阮流筝应了声。周衍也不在意,退后两步,上下打量了金雪融一眼,表情夸张地皱起眉头,伸手在胸前比了个夸张的动作。
“那小子简直是……恐怖如斯啊,流筝。这才几天,你们宗门就成这样了?”
阮流筝没有接他的话。
他看着金雪融的脸。那张脸在昏迷中安静下来,眉头还是皱着,呼吸又浅又急。
他蹲下来,手指搭上金雪融的手腕。灵力探进去,在他经脉里走了一圈,像一条河从干涸的河床上流过。

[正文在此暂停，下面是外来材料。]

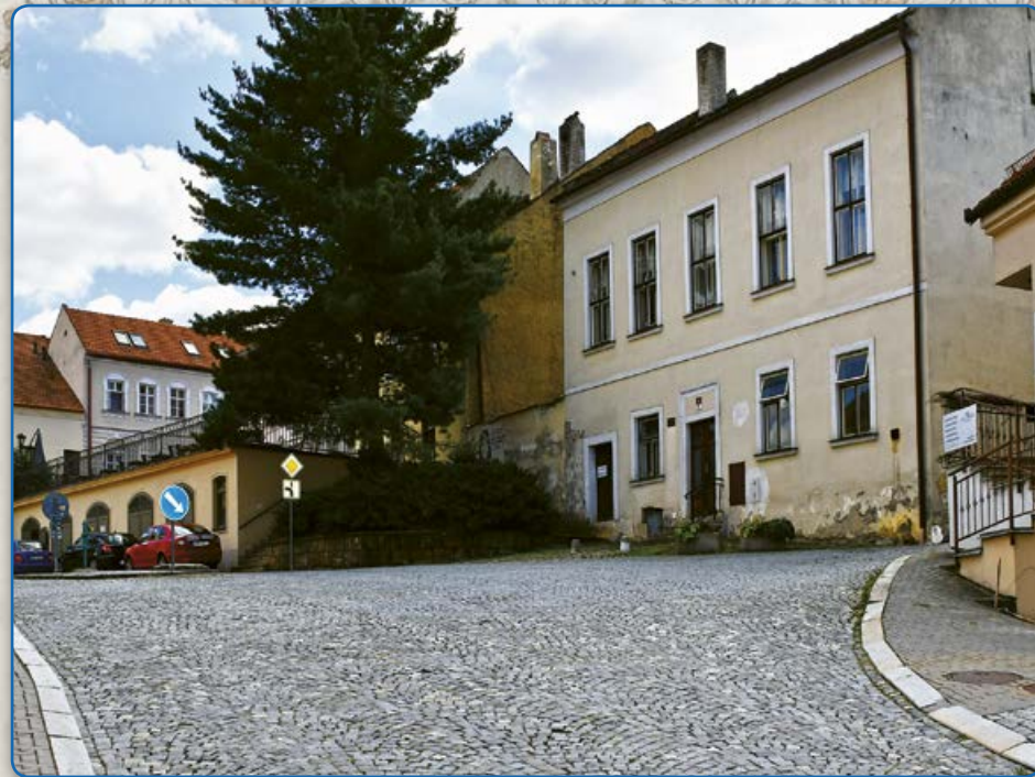
U Vážné studny – pohled z Bílkovy ulice (2019)

什么都没有。没有魔气,没有禁制,没有被人动过手脚的痕迹。他把手收回来。
周衍在他旁边蹲下,神识也探了一遍,同样什么都没发现。他啧了一声,手指在膝盖上敲了两下。
“行为诡异,神魂错乱,偏偏身体里干干净净。”他偏过头看阮流筝,“你那个师弟,到底是什么来头?”
他说“不知道的,以为是魅魔呢,真是魅力四射啊”
阮流筝的眼皮垂下来,不理会周衍的打趣。“不知道。”
他是真的不知道了。原著在他手里像一匹被剪断的帛,线头散了一地,哪条都接不上。
他以为自己是那个穿针引线的人,现在才发现,线早就不是原来那根了。
阮流筝扶额感叹。
上帝视角体验卡没了。
周衍没有追问。
他蹲在那里,手指在金雪融眉间点了一下。
月光从洞府口照进来,落在那张苍白的脸上,把那道浅浅的眉头纹路照得很清楚。周衍忽然打了个响指。
“有了。”
他从袖中摸出一把匕首。
刃不长,巴掌大小,在月光下泛着冷白的光。
阮流筝按住他的手腕,周衍抬眼,嘴角弯了一下。
“放心,我有分寸。”
他把阮流筝的手拨开,匕首的刃尖在金雪融眉心轻轻一划。很浅的一道口子,血珠从伤口里渗出来,挂在皮肤上,在月光下是红的。
正常的红。
周衍把匕首翻过来,刃上的血顺着刀身往下淌,他用另一只手从储物袋里摸出一张符,黄纸朱砂,纹路很旧,折痕处有些发毛。
符纸在他指尖燃起来,火苗是青色的,舔着纸缘,把朱砂纹路烧成一道一道发光的线。
符纸烧尽,灰烬落在他掌心,他捻起一撮,撒在刃上。
血从红变黑。
那黑色在刃上凝成一滴,沉甸甸的,像融化的墨。
淡淡的魔气从血滴里渗出来,极淡,淡得让人可以忽视掉,但确实有。
周衍把那滴血举到月光下看了看,啧了一声,把匕首收回鞘里。
“病灶在身上,痕迹在血里。身体查不出,是因为东西不藏在身体里。”他顿了顿,“藏在神魂里。”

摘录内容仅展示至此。